The ruling follows a September judgment that sentenced all five group members in absentia to up to 13 years in prison.
Russian authorities have branded the anti-Kremlin feminist punk band Pussy Riot as an extremist organisation.
The ruling by a court in Moscow on Monday officially bans the group’s activities inside Russia.
The latest move follows a judgment in September in which all five members of Pussy Riot were sentenced in absentia by the Basmanny district court. That saw prison terms handed down ranging from eight to 13 years, after judges found the band guilty of spreading false information about the Russian army.
Pussy Riot rejected those charges, describing them as politically motivated.

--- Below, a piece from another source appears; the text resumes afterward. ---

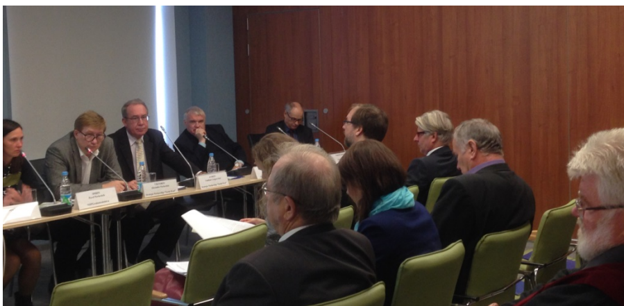
Фото 6: Дискуссия в офисе стратегического партнерства «Северо-Запад»

In a statement following the conviction earlier this year, group member Diana Burkot told Rolling Stone: “The full-scale war against Ukraine has been going on for more than three years. And I continue to believe: Ukraine must win, and Putin must face trial in The Hague.”

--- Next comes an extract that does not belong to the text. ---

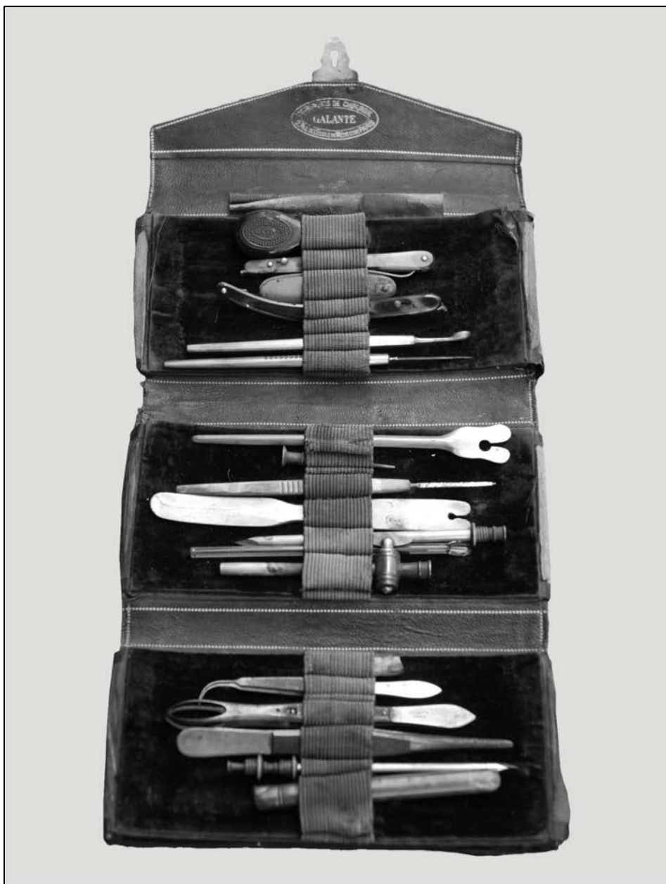
Trusă de mică chirurgie, folosită în Războiul de Independență

Burkot added: “The Russian government is a textbook example of patriarchy – the worst kind of abuser: a tyrant, a narcissist, a gaslighter, a toxic manipulator who lives off the destruction of others’ will.”
Pussy Riot shot to global fame in 2012 after staging a protest against President Vladimir Putin inside Moscow’s Cathedral of Christ the Saviour. Since then, the group has emerged as a symbol of anti-Kremlin protest and opposes Moscow’s war in Ukraine.